Lilly came to us first. A Good Samaritan brought Lilly in after her friend asked her to come and help her cut the bunnies’ nails. As you can see Lilly needed more than a nail trim. Lilly had been attacked thru the bottom or her outdoor hutch. Some of her toes were missing, others were so damaged they had mummified on her feet. Lilly’s owner’s husband would not allow his wife to bring Lilly in to be seen by a veterinarian. The Good Samaritan went home and talked to her husband and they agreed they had to do something. Their big hearts got Lilly here but their budget did not allow of the extensive surgery required, so I called Lilly’s owner and asked her to turn her over to us. We begged for the other rabbit to be turned in as well, but the family waited until another attack occurred before they allowed Pickles to come to us for help. Pickles was missing toes when she got to us and had a large laceration on her side from an attack. Some people would say they had unlucky feet, but we prefer to think that their Lucky feet brought them to us. Pickles was placed in a new home by Missouri House Rabbit Society and Lilly has taken up permanent residence here at Hope Animal Hospital and recently married her husband Lenny. Feel free to ask to visit her.
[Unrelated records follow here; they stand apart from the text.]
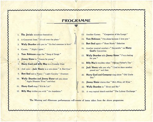 an ex-military concert party, which toured into the 1930s - possibly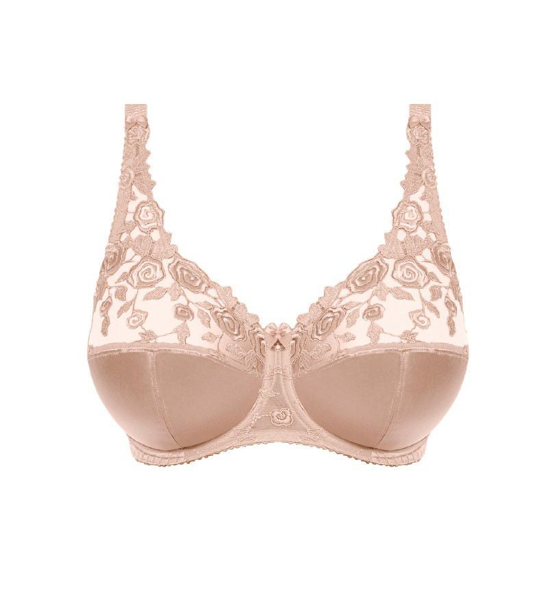 3枚パネル仕立てでカップトップからストラップにかけてサテン刺繍が施されたデザイン。 パッドなしのライトな付け心地、バスト全体を覆ってくれるフルカップはグラマーさんに一番人気です。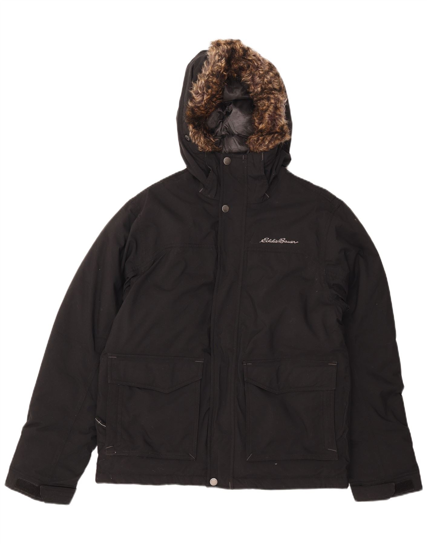 EDDIE BAUER Veste coupe-vent à capuche pour homme UK 38 Medium Black Nylon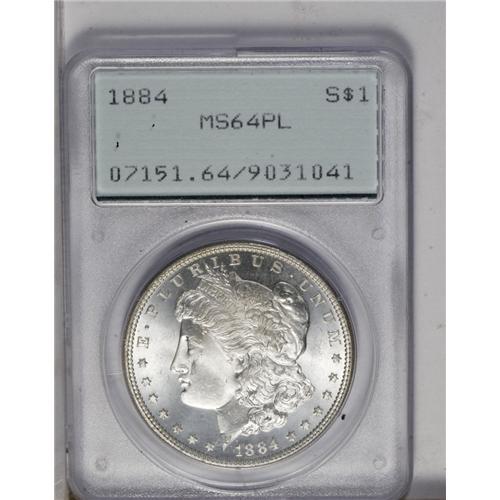 <B>1884<img border='0' src='http://www.heritagecoins.com/images/star.gif' width=10 height=10>$1> MS64 Prooflike PCGS.</B></I> Glittering and reflective fields contrast with the well struck, lightly frosted devices. This issue is elusive in a prooflike state. Housed in a first-generation PCGS holder. Population: 96 in 64, 28 finer (6/06).<BR><I>From The Chicago-Ark Collection.</B></I>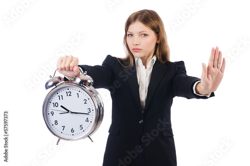 Businesswoman with clock isolated on white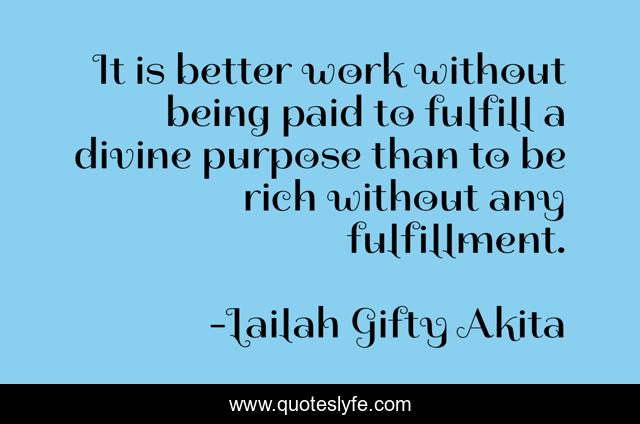 This page presents the quote "It is better work without being paid to fulfill a divine purpose than to be rich without any fulfillment.". Author of this quote is Lailah Gifty Akita. This quote is about calling, decision, work, riches, mission, encouragement, choices, wisdom-of-lailah-gifty-akita, passion,.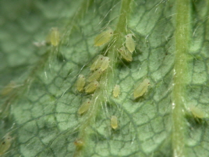 ② 진딧물류 : 초기에는 잎 뒷면 또는 새순부위를 보는데 새순이나 꽃대 주변에서 보이면 약 1개월 전에 발생된 것으로 추정한다. 진녹색(검은색에 가까움) 의 진딧물이 보이면 대부분 목화진딧물일 가능성이 높고, 그 외 딸기뿌리진딧물, 싸리수염진딧물 발생이 있을 수 있다. 간혹 애못털진딧물이 심하게 발생할 수 있는데 모두 연두색 계통이다(진디면충좀벌 이용). 콜레마니진디벌, 진디벌(어비진디벌)과 진디혹파리 천적을 사용할 수 있다. 천적유지식물(뱅커플랜트)은 진딧물 발생 여부와 관계없이 아주심기 할 때부터 활용하는 것이 가장 좋다. 진디혹 |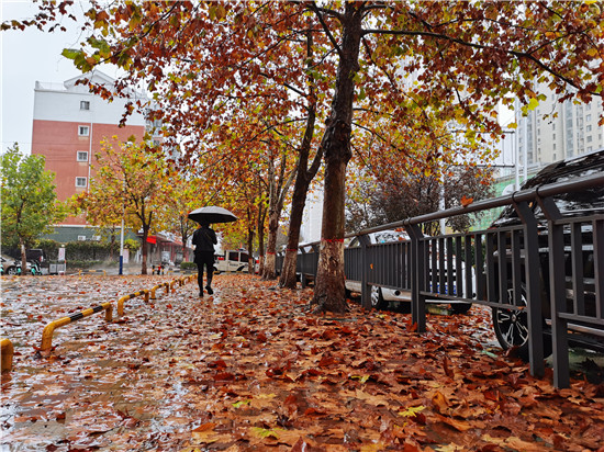 連日來,周口迎來立冬后的首場降雨,雨打落葉,滿地枯黃,雨中的街頭別有一番韻味。從17日起,周口會持續(xù)降雨,18日早上一場大雨后,氣溫明顯降低,出門的朋友可要做好保暖、帶好雨具。②9

A Snowbank is No Place for a Puppy

An urgent call to see a puppy that probably had broken bones was place by a women that does rescue. The puppy was at another veterinarian clinic where it had been turned in by someone who found the puppy on the side of a highway in a snowbank. If the rescue did not take the puppy they were sending to an uncertain future at the pound. What a cute puppy that smiled at us despite 2 broken legs and a broken pelvis. The rescue that brought him in could not finance the surgery so we agreed to care for him while we facilitated another rescue to help. Specialist surgery was needed. This little guy known at the time as Freeway or, as I liked to call him Road Apple, found his own guardian angel here at Hope Animal Hospital. Micki and her husband Keith agreed to finance Freeway’s extensive surgery. Of course, with his sweet demeanor he wiggled his way into their home. That cute, docile little puppy is now a Tasmanian devil named Ozzy who needs an hour walk daily or someone pays the price.


Ozzy definitely can still pull off the innocent
puppy lying on the deck act brilliantly.